» **Task**:
Find the line with "Sælger 4 stk." in the data below. Repeat it and every line after it up to the end, exactly, but drop the pictures.

» **Data block**:
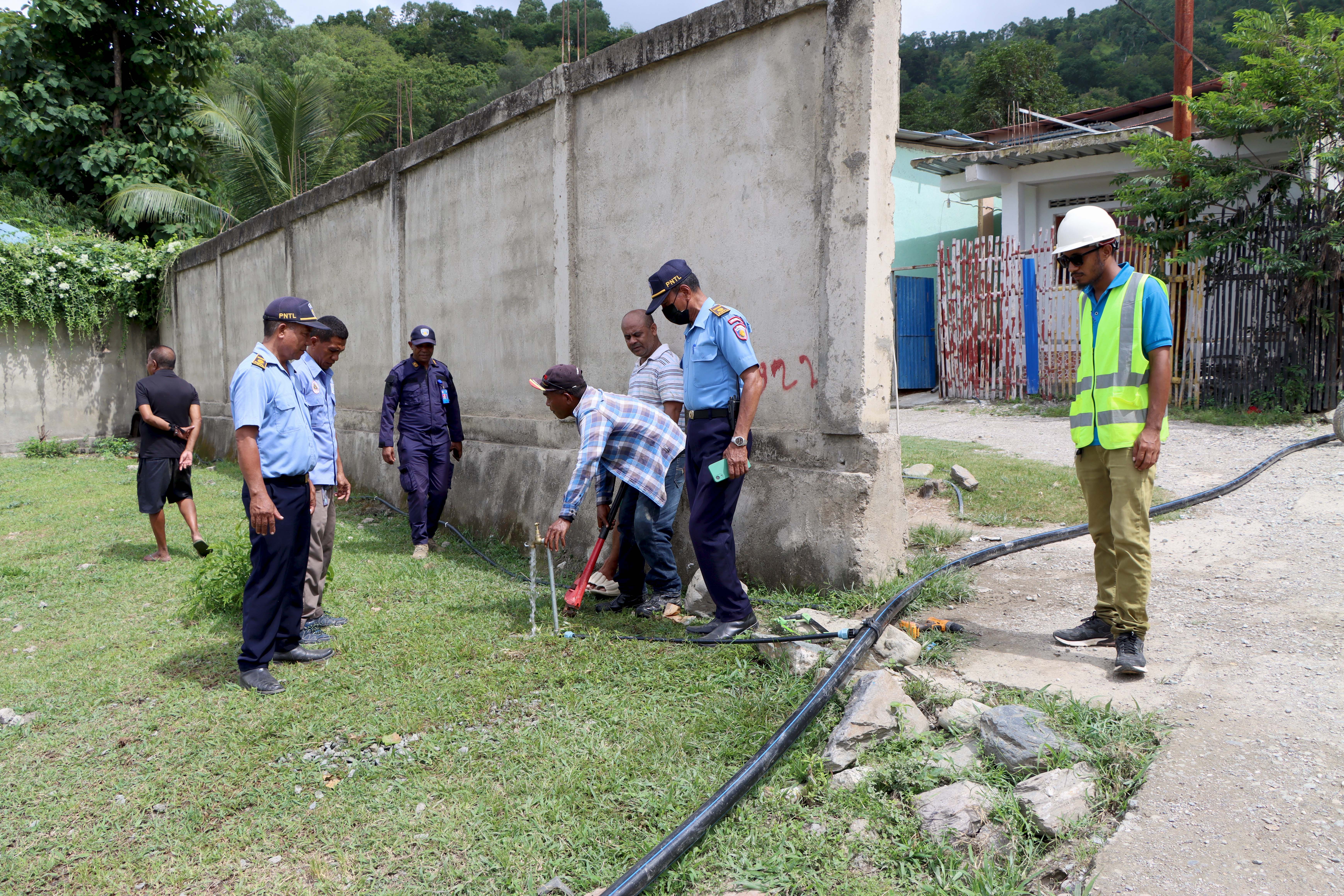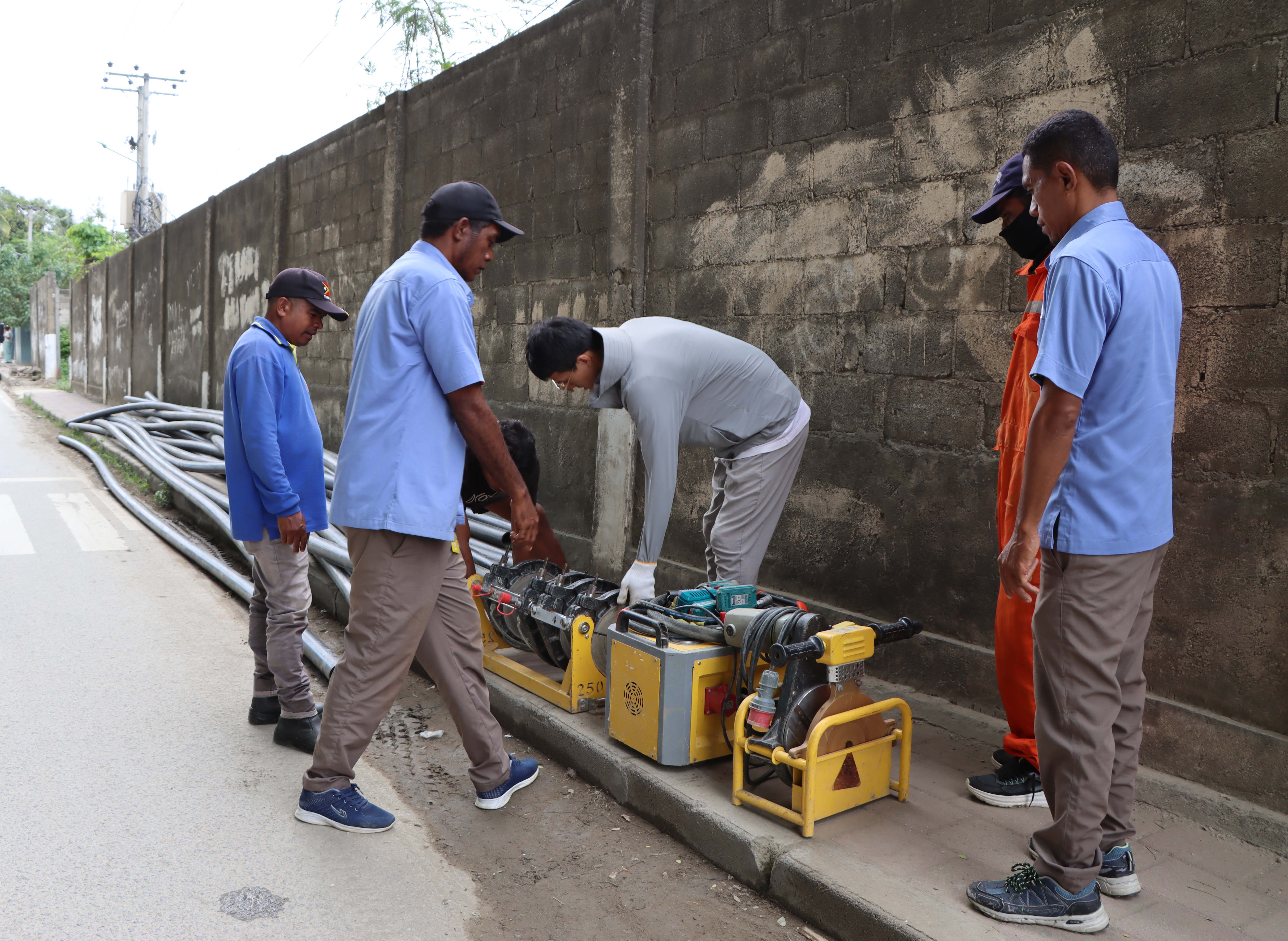 Aldende ne’e, tékniku sira mos halo pipe services kanu APC 150mm ba PE NOD 90mm no dop APC 150mm iha sede suku Becora nian.
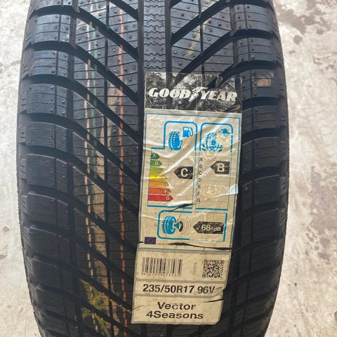 Sælger 4 stk. Goodyear Vector 4Seasons helårsdæk i størrelsen 225/55-17.
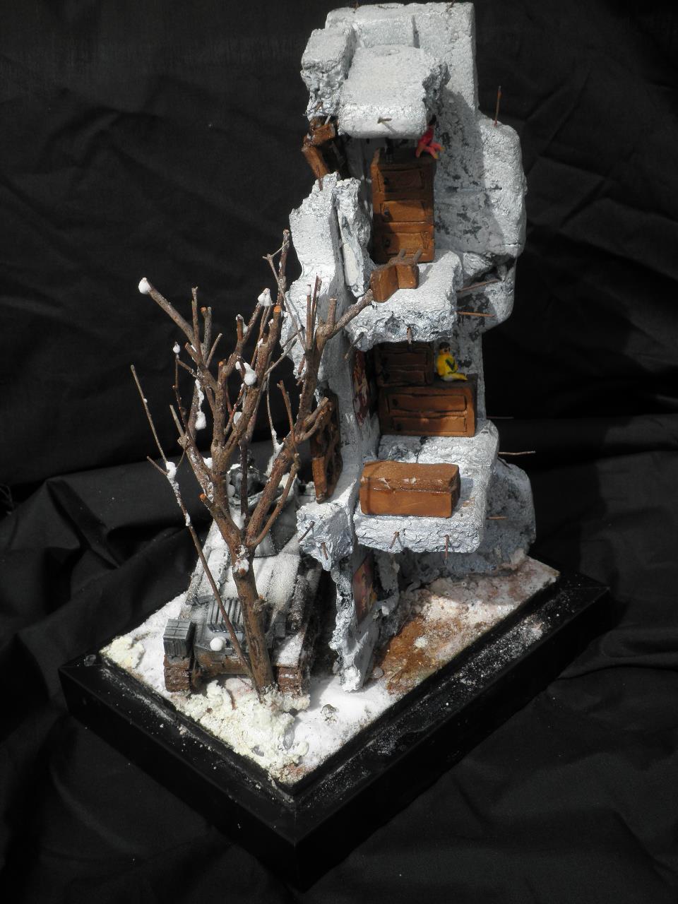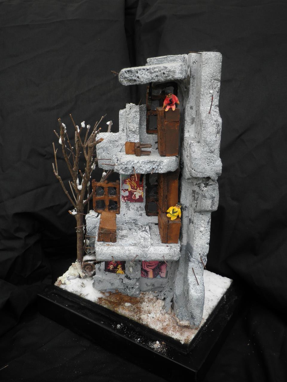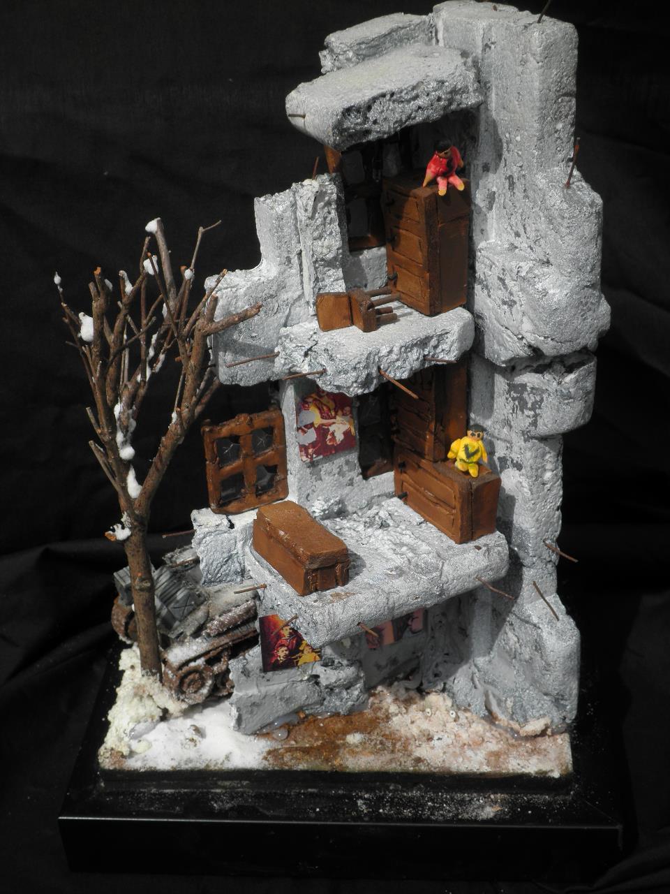 건물은 과일 상자 종류의 스치로폴

» **Finished exercise**:
 Sælger 4 stk. Goodyear Vector 4Seasons helårsdæk i størrelsen 225/55-17.
 건물은 과일 상자 종류의 스치로폴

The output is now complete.